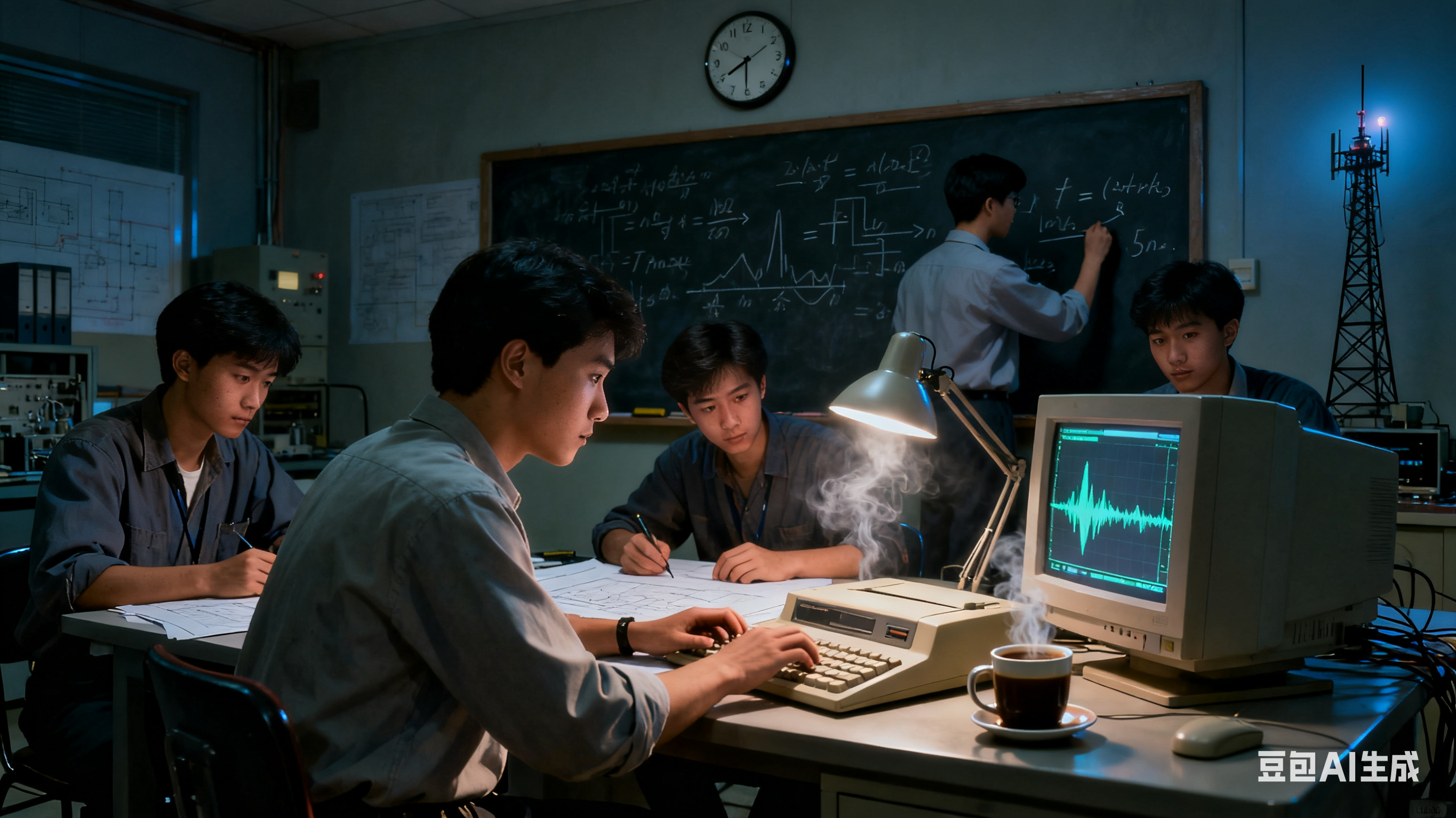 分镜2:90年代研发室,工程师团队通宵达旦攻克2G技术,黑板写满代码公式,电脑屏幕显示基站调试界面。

·····

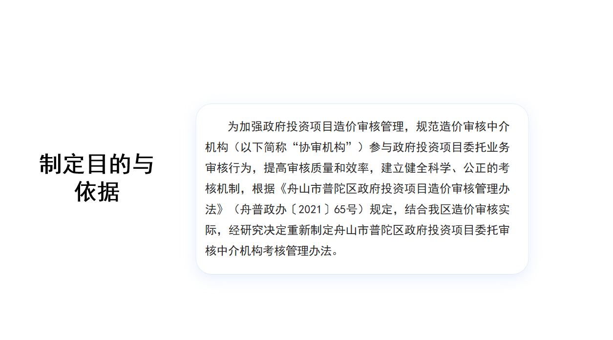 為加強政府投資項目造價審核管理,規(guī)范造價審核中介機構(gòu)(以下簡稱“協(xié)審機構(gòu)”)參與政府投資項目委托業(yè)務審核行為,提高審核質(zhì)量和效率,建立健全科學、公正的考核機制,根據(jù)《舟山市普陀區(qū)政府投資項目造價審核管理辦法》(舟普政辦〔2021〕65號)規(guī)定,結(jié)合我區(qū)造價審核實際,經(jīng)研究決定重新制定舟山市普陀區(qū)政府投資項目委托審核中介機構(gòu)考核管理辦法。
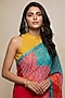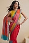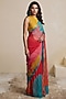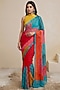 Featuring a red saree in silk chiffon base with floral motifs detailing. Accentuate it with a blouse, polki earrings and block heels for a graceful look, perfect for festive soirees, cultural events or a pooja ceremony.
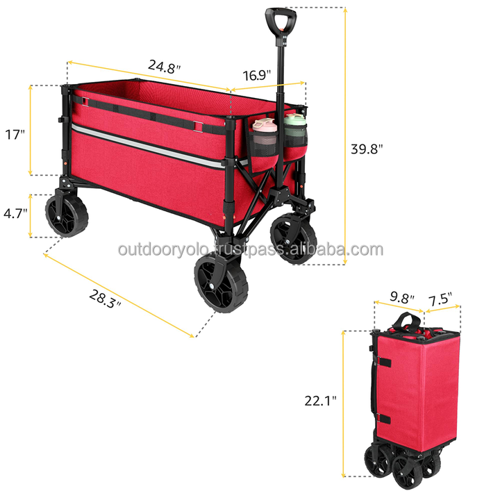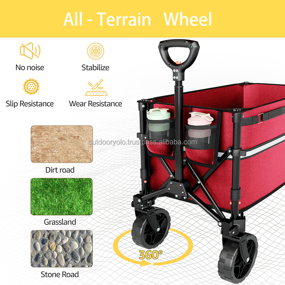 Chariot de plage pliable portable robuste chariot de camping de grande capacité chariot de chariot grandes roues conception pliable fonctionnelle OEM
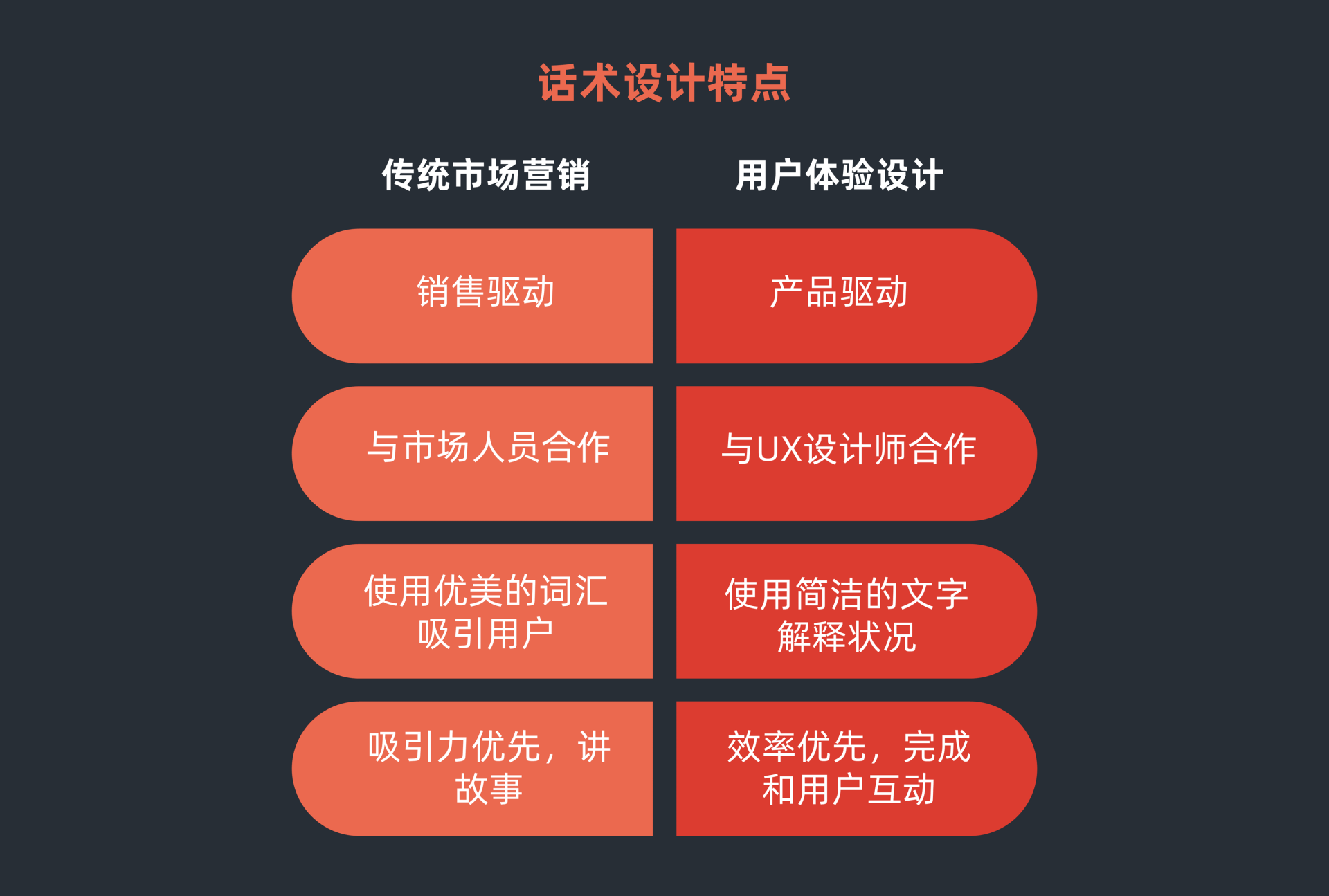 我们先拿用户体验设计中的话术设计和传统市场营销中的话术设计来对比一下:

·····

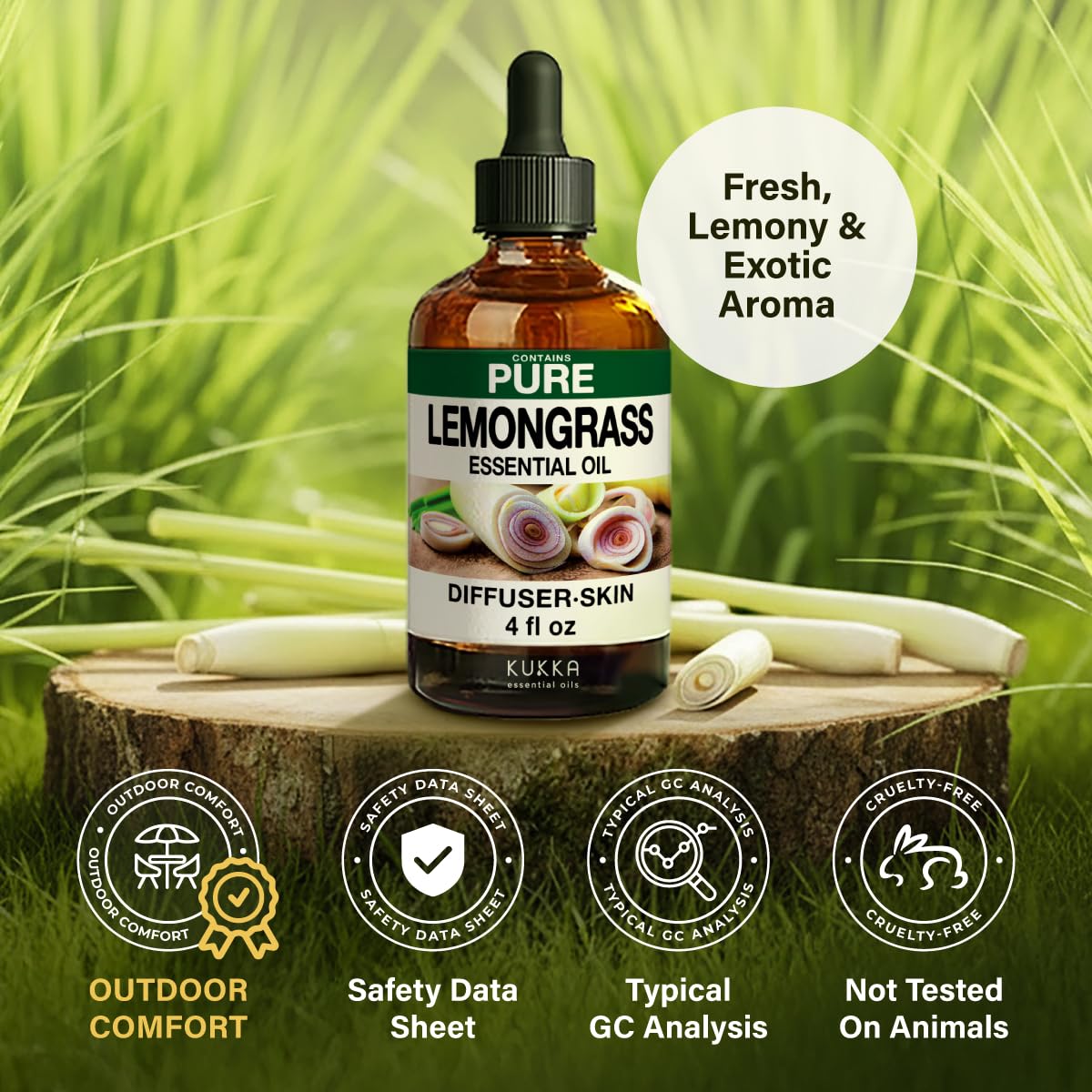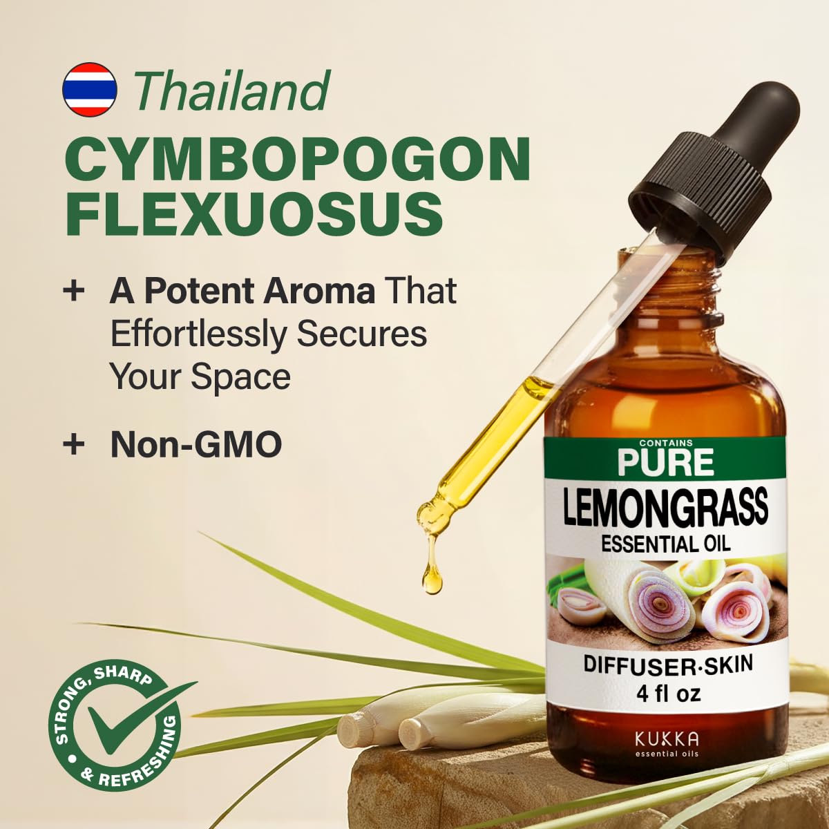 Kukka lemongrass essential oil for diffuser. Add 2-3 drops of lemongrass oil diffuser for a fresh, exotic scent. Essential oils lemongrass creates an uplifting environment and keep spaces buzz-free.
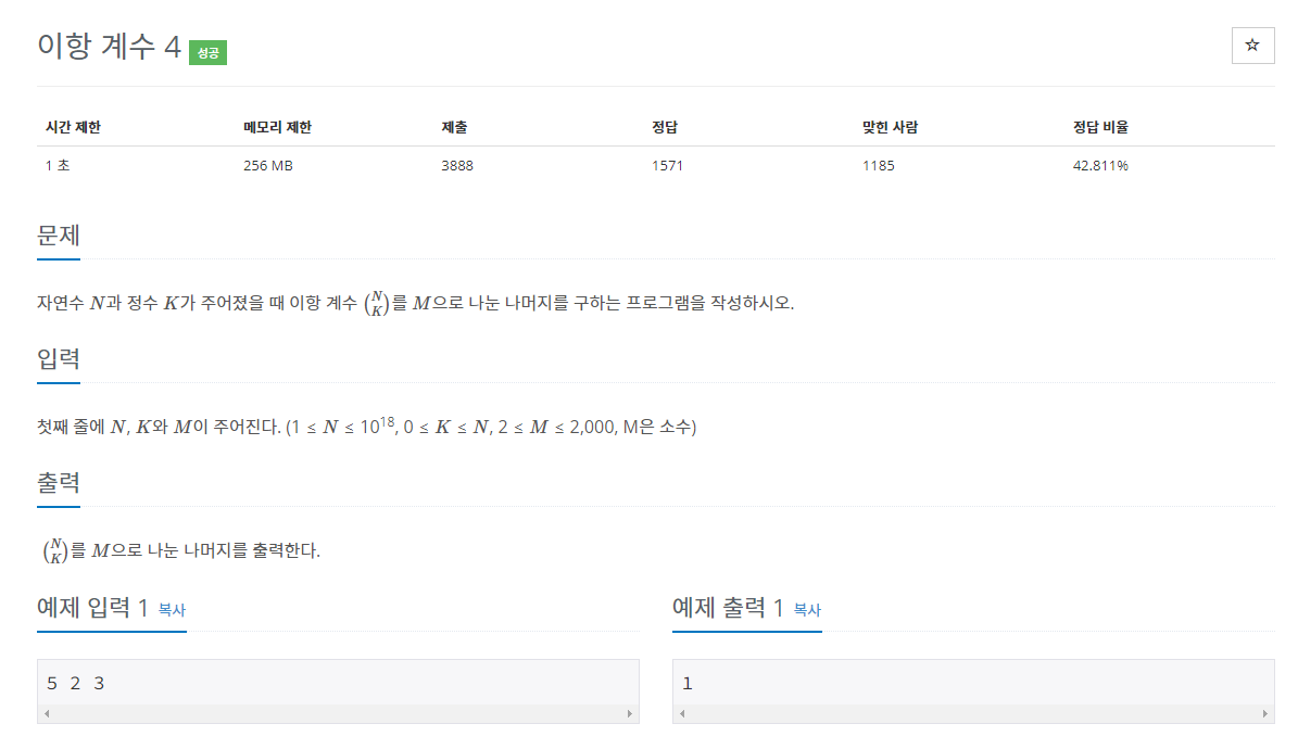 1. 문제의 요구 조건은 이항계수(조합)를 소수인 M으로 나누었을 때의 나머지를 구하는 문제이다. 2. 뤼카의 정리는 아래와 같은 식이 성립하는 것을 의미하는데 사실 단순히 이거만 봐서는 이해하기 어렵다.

·····

Task details
Print exactly the lines above that run from the one with "為加強政府投資項目造價審核管" down to the one with "Featuring a red", and omit the pictures.

Written solution
 為加強政府投資項目造價審核管理,規(guī)范造價審核中介機構(gòu)(以下簡稱“協(xié)審機構(gòu)”)參與政府投資項目委托業(yè)務審核行為,提高審核質(zhì)量和效率,建立健全科學、公正的考核機制,根據(jù)《舟山市普陀區(qū)政府投資項目造價審核管理辦法》(舟普政辦〔2021〕65號)規(guī)定,結(jié)合我區(qū)造價審核實際,經(jīng)研究決定重新制定舟山市普陀區(qū)政府投資項目委托審核中介機構(gòu)考核管理辦法。
 Featuring a red saree in silk chiffon base with floral motifs detailing. Accentuate it with a blouse, polki earrings and block heels for a graceful look, perfect for festive soirees, cultural events or a pooja ceremony.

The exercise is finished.